Официальный ответ нашего государства на подобные вопросы давно известен. МИД России последовательно выступает с осуждением попыток героизации нацистских пособников на постсоветском пространстве; самый недавний тому пример ― выступление официального представителя МИД Марии Захаровой по поводу установки в Ереване памятника одному из создателей «Армянского легиона» вермахта генералу Гарегину Нжде. Героизация русских коллаборационистов в России тоже не приветствуется ― в мае этого года ростовские власти инициировали проверку законности работы частного музея «Донские казаки в борьбе с большевиками», уделявшего большое внимание личности сотрудничавшего с нацистами атамана П.Н. Краснова. О недопустимости героизации нацистов и их пособников неоднократно говорил и президент России Владимир Путин, а в Уголовном кодексе РФ уже более двух лет есть соответствующая статья. Невозможно даже предположить, что позиция России по данному вопросу может измениться.

Установка мемориальной доски Маннергейму стала возможна не благодаря изменению политики Кремля по отношению к проблеме героизации нацистских пособников, а исключительно из-за вопиющей некомпетентности сотрудников РВИО. Подобно не выдерживающему элементарной критики современному украинскому мифу о непричастности ОУН-УПА и ее руководства к массовым убийствам и этническим чисткам в определенных кругах российского общества сложился миф о Маннергейме как о честном и благородном русском офицере, любившем свою вторую родину. Этот миф сформировался прежде всего благодаря мемуарам самого маршала, и согласно ему Маннергейм был вынужден вступить в Великую Отечественную войну на стороне Гитлера, однако он остановил на «старой границе» наступавшие на Ленинград финские войска и тем самым спас город. Более того, в отличие от германских войск финны не обстреливали и не бомбили Ленинград. Участие Финляндии в войне против Советского Союза ― не более чем досадная случайность, которая к тому же была преодолена в 1944 году.
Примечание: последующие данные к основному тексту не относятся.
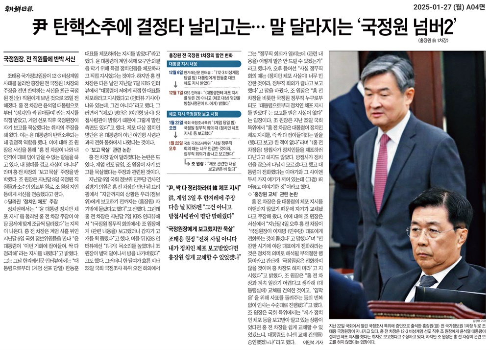 27일자 이 신문은 <尹 탄핵소추에 결정타 날리고는… 말 달라지는 '국정원 넘버2'> 기사에서 홍 전 차장이 야당의 공세에 맞춰 '윤 대통령의 체포지시'에 관한 발언을 조금씩 바꿨다고 보도했다. 그가 지난해 12월 6일 한겨레 인터뷰에선 "대통령에게 한동훈 대표 체포 지시를 받았다"고 했다가 12월 7일 KBS 인터뷰에선 "대통령이 저에게 직접 한동훈 대표를 체포하라고 지시한 것은 아니고, (체포) 명단은 (여인형) 방첩사령관이 밝혔기 때문에 그렇게 말한 측면도 있다"고 말했다는 이유다.

Проблема в том, что многочисленные публикации профессиональных ученых, занимавшихся историей Финляндии соответствующего периода (таких, например, как профессор В.Н. Барышников из Санкт-Петербургского государственного университета или профессор С.Г. Веригин из Петрозаводского государственного университета), рисуют совсем другую картину.

В 1941-м руководство Финляндии видело целью войны против СССР не только восстановление границ 1939 года, но и приобретение новых территорий. К Финляндии должны были отойти Кольский полуостров и вся Карелия, южную границу планировалось провести по Неве. Что же касается Ленинграда, то финское правительство соглашалось с нацистами: этот город необходимо ликвидировать. В полном соответствии с общим планом финские войска замкнули северное полукольцо блокады и вопреки мифу остановились не сами, а были остановлены частями Красной Армии на рубеже Карельского укрепрайона, преодоление которого сулило огромные потери. Именно поэтому, кстати, финская артиллерия не обстреливала Ленинград ― дальности орудий не хватало. К осени 1941 года финские войска перекрыли пути сообщения Ленинграда с Мурманском и Архангельском, а также Балтийско-Волжский водный путь, тем самым внеся весомый вклад в массовую гибель ленинградцев от голода. А в октябре 1942 года финские части совместно с немцами предприняли попытку перехватить ладожскую Дорогу жизни и захватить остров Сухо — к счастью, безрезультатно. Так что гибель ленинградских блокадников ― на совести Маннергейма в той же мере, как и германских генералов.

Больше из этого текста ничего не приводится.